The command also brings a lot of additional flags and options to meet all your synchronization requirements.

Let's explore its powers in the following chapters!

💡 If you've already installed the AWS CLI locally, please skip this part and directly jump to the basics.

If not, follow the steps to the AWS CLI installed and configure your credentials on your local machine. This is a precondition to getting the sync command working. We're not covering AWS profiles or Multi-Factor authentication usage but only the minimal setup via an AWS Access Key ID and Secret Key. As a general reminder: please do not use your root credentials for your daily work, neither for accessing the console interface nor using the AWS APIs via any tooling. Create a dedicated IAM user with restricted permissions, enable MFA for your root user, delete any Access Keys and lock the credentials it away safely.

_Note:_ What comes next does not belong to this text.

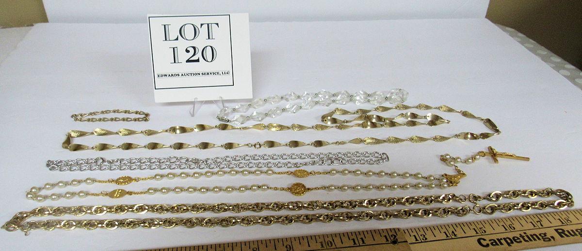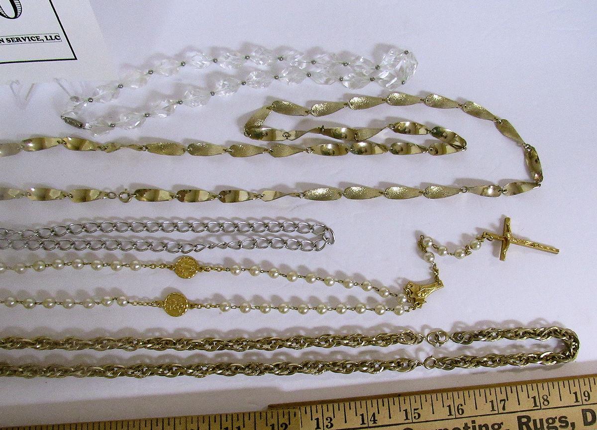 4 Necklaces, 1 Rosary, 1 Bracelet, Metal and Plastic
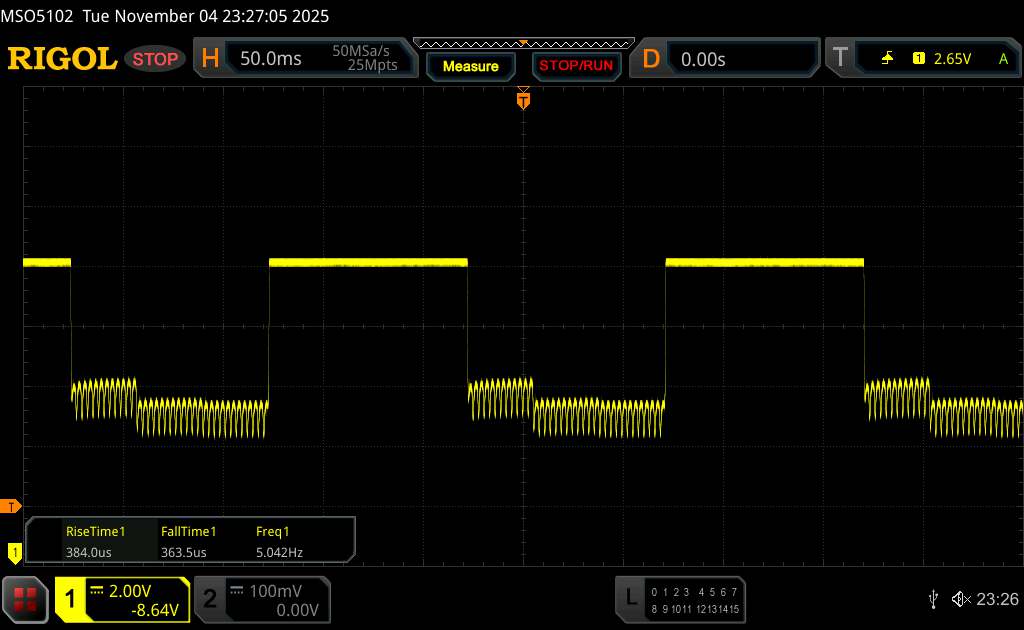 Vivo utrustar sin kompakta smartphone med PWM-dimning vid 2 160 Hz, vilket vi kunde bekräfta i våra mätningar. Dessutom uppmätte vi en basflimmerfrekvens på 360 Hz.

Installation of the AWS Command Line Interface

Install the latest version of the AWS CLI by following the documentation for your operating system.

If you're running macOS, you can also just simply install the CLI via homebrew by running brew install awscli.

The AWS CLI is a unified tool to manage your AWS resources programmatically. You can control any service directly from your terminal and also automate steps through scripts.

⚠️ The AWS CLI is not an alternative to an Infrastructure-as-Code tool. While you can automate the creation of resources, you're not relying on a fixed state that reflects the currently existing resources in your account. Only use the CLI for small tasks, but don't try to build the infrastructure of your application ecosystem with it - use tools like Terraform, the AWS CDK, CloudFormation, or comparable others. If you're interested, read more about the evolution of infrastructure tooling on AWS.

Configuration

For accessing the AWS API through our newly installed tool, we need to set up our account details. Go to your Security Credentials page.

Click on create access key to create a new Access Key ID and Secret Access Key. Note down both before closing the creation window, as the Secret Access Key can't be retrieved afterward!

Now go back to your terminal and run aws configure and follow the steps to enter your keys, your default region (e.g. eu-west-1) and the default output format (e.g. json).

Let's validate that everything is working as expected by running aws sts get-caller-identity. If you don't face an error but see your unique 12-digit account identifier, we're set!

The AWS S3 Sync command recursively copies files between two destinations, which can be either a bucket or a directory.

This is the general syntax - without any further flags and options that will we explore later on:

aws s3 sync <source> <destination>

That's all we need for now. Let's explore common examples.

Downloading files from a bucket to Local

We can download all files from a specific folder to our local machine. If you're adding the --recursive flag, the sync command will also download nested folders and their files.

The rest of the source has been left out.